Events hastened toward a final break. In May 1532 Sir Thomas More resigned the chancellorship, and in June Fisher preached publicly against the annulment of Henry’s marriage. In August 1532 Archbishop Warham died, and Henry at once proposed Thomas Cranmer to the pope as his successor. In January 1533 Henry secretly underwent a form of marriage with Anne Boleyn. Cranmer was consecrated bishop in March 1533, and a week later Fisher was arrested, apparently to prevent him from opposing the annulment that Cranmer pronounced in May or the coronation of Anne Boleyn on 1 June. Fisher was released within a fortnight of the coronation, no formal charge having been brought. In the autumn of 1533, however, a series of arrests followed the exposure of the so‑called revelations of Elizabeth Barton, the “Holy Maid of Kent,” who had prophesied against the king’s marriage. Fisher, taken seriously ill in December, saw proceedings against him postponed, but in March 1534 a special bill of attainder was introduced in Parliament against him and others for complicity in the Barton affair. The bill passed, condemning Fisher to forfeit all his personal estate and to imprisonment during the king’s pleasure; he later received a pardon on payment of a fine of £300. In the same year Parliament enacted the Act of Succession and the Act of Supremacy, requiring an oath recognizing the king’s marriage to Anne Boleyn and his supremacy over the Church. Fisher’s continued refusal to accept the royal supremacy ultimately led to his condemnation for treason and his execution on 22 June 1535.

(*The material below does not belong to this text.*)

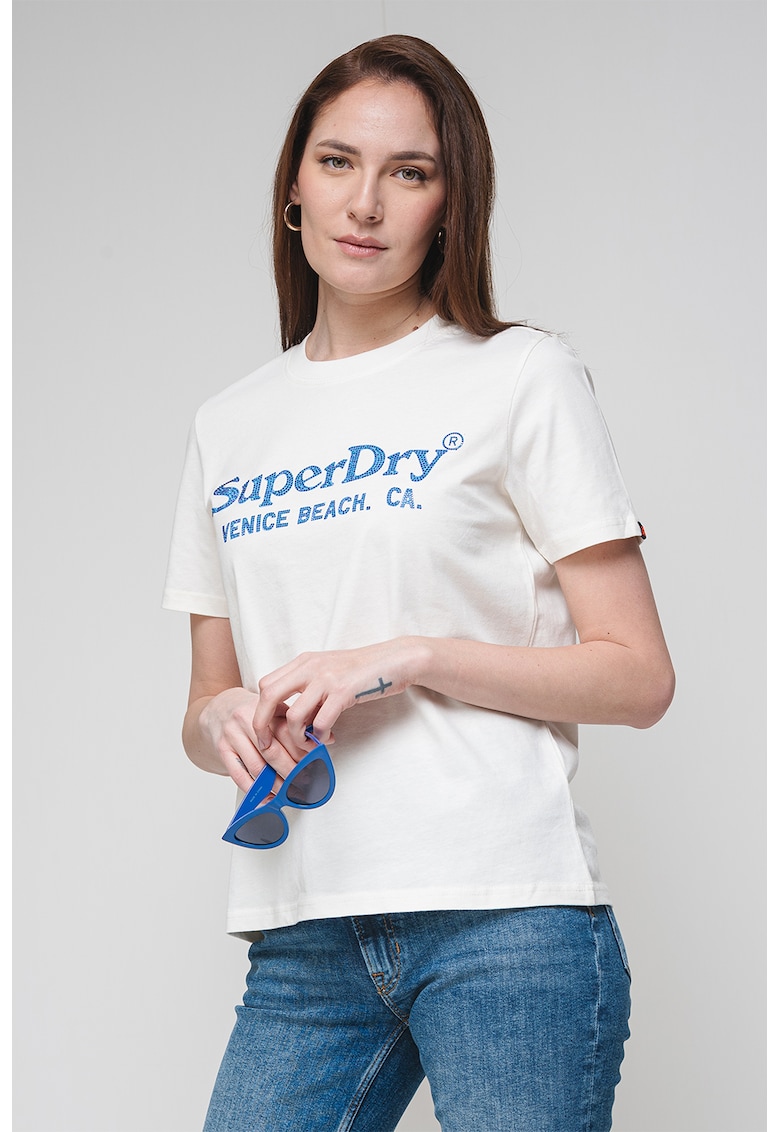 - albastru Imprimeu: logo Material: bumbac Croiala: regular fit Model: decolteu la baza gatului Lungime maneca: maneca scurta Detalii: aplicatii din strasuri Compozitie Exterior: 100% bumbac Info model Modelul poarta un produs de marimea S. Marimi model: 180 cm inaltime

Fisher’s death and steadfastness in defense of papal authority and traditional Catholic doctrine quickly gave rise to a widespread reputation for martyrdom. In response to a popular petition of English Catholics, Pope Pius XI canonized John Fisher and Thomas More on 19 May 1935 as representatives of the many Catholic martyrs of England. The two martyrs share a common feast day on 22 June in the current General Roman Calendar of the Catholic Church, and Fisher’s name also appears in some Anglican calendars of saints, reflecting his enduring significance in the religious and political history of England.